Your assignment:
Every line of the listing below must be printed again exactly, apart from its pictures.

Dataset content:
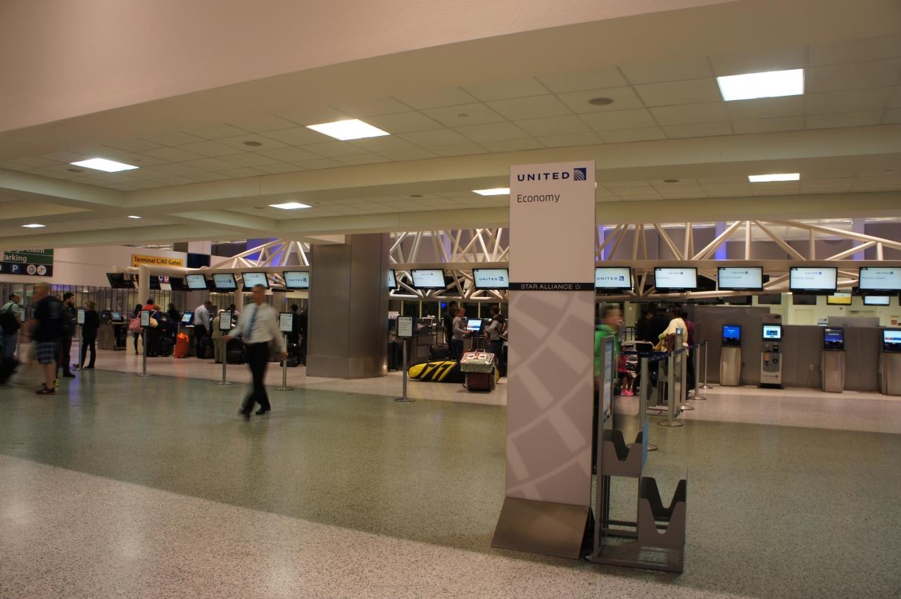 UAのターミナルEまではかなりの距離歩きます。
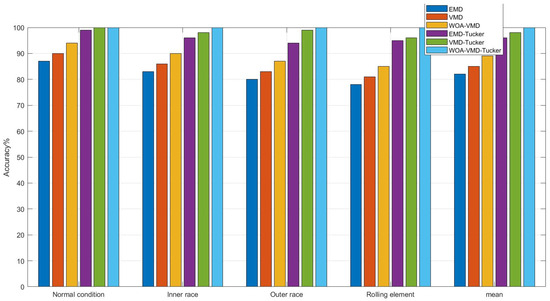 To further verify the effectiveness of the proposed WOA-VMD-Tucker multi-channel feature extraction method, six methods, EMD, VMD, WOA-VMD, EMD-Tucker, VMD-Tucker, and the proposed WOA-VMD-Tucker, were selected for comparison. Classification accuracy was evaluated under four operating conditions: normal, inner ring fault, outer ring fault, and rolling element fault. Each method was trained multiple times, and the average accuracy was calculated. The results are shown in Figure 7.
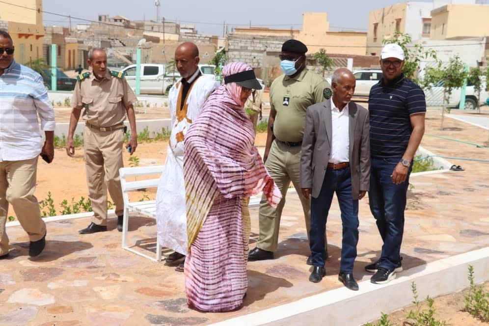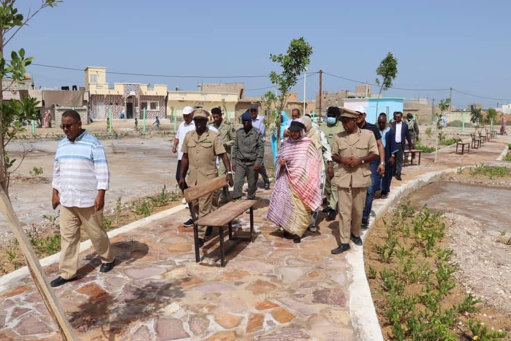 من الزيارة التفقدية التي قامت بها معالي وزيرة البيئة و التنمية المستدامة السيدة “مسعودة بحام محمد لغظف”لبعض ورشات مكونة البيئة و تحسين الوجه الحضري للمدينة في إطار البرنامج الاستعجالي لمدينة انواكشوط.

Worked solution:
 UAのターミナルEまではかなりの距離歩きます。
 To further verify the effectiveness of the proposed WOA-VMD-Tucker multi-channel feature extraction method, six methods, EMD, VMD, WOA-VMD, EMD-Tucker, VMD-Tucker, and the proposed WOA-VMD-Tucker, were selected for comparison. Classification accuracy was evaluated under four operating conditions: normal, inner ring fault, outer ring fault, and rolling element fault. Each method was trained multiple times, and the average accuracy was calculated. The results are shown in Figure 7.
 من الزيارة التفقدية التي قامت بها معالي وزيرة البيئة و التنمية المستدامة السيدة “مسعودة بحام محمد لغظف”لبعض ورشات مكونة البيئة و تحسين الوجه الحضري للمدينة في إطار البرنامج الاستعجالي لمدينة انواكشوط.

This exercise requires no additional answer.